Intelligent Windows Phone Microsoft's big investment in machine learning
Microsoft Research's biggest investment is machine learning, the R&D division's new chief has revealed, claiming the team is "well within reach of solving speech recognition" as well as intelligently analyzing the content of images. "Machine learning is the really big one" Peter Lee told MIT Technology Review, "it is our number one investment." With the Nokia acquisition in the pipeline, Lee also says that the goal is to make tomorrow's Windows Phones "aware of what you are doing" through sensors and wearables.
"We are committed to making sure that the best concepts in hardware, devices, and sensors are in phones" the new head of research said, pointing out that Windows Phone began as a Microsoft Research-led skunkworks project operated with a sub-team of Microsoft's phone business. In fact, he argues, the first examples of that are already embedded in the platform, such as the learning keyboard which invisibly tracks where users' fingers commonly hit the on-screen buttons and shape the auto-correction and word prediction accordingly.
However, Lee suggests, even more intelligent smartphones are in the pipeline. "We think we're well within reach of solving speech recognition, making a big dent in translation, and devices that see and hear with capabilities approaching human ones" he points out.

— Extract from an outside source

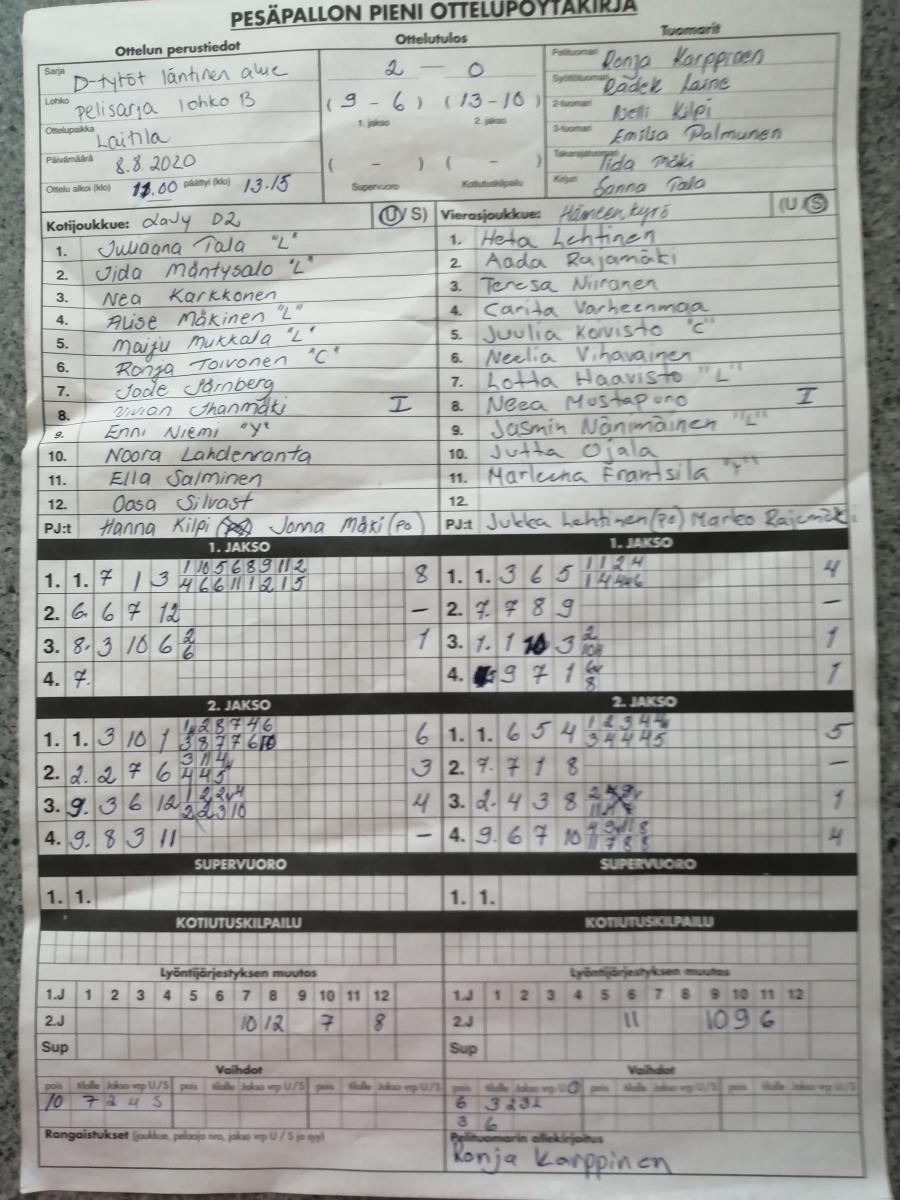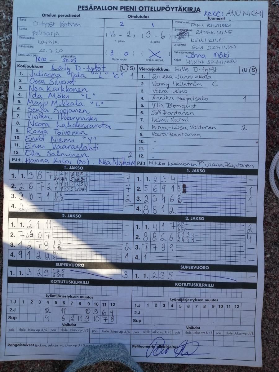 | 20.7.2020 18:00 | LaJy D2 | EuVe D-tytöt | 2-1 (16-2, 3-6, 3-0) | näytä | |

That might one day mean our phones or wearables like Google Glass not only snap photos of our surroundings, but can themselves understand what's going on. "So, for example, a camera could understand what is being said and what it is looking at" Lee explains. "A photo could include this extra information. Or [a phone] could look at a plate of food and understand what it is, to help your diet and monitor your health."
Basic attempts at machine learning of that sort have been tried before. Google Goggles, for instance, can identify certain landmarks or objects in images, while previous research from the search giant has turned supercomputers into cat-spotters. NVIDIA resurrected the test itself, with a GPU-powered neural network earlier this year.
That's a long way from the same sort of power inside a phone or tablet, however. The Nokia acquisition isn't final, Lee points out, though the Finnish firm is known to be working on its own wearables and distributed computing system, and its own R&D teams are likely to fall under the Microsoft Research umbrella.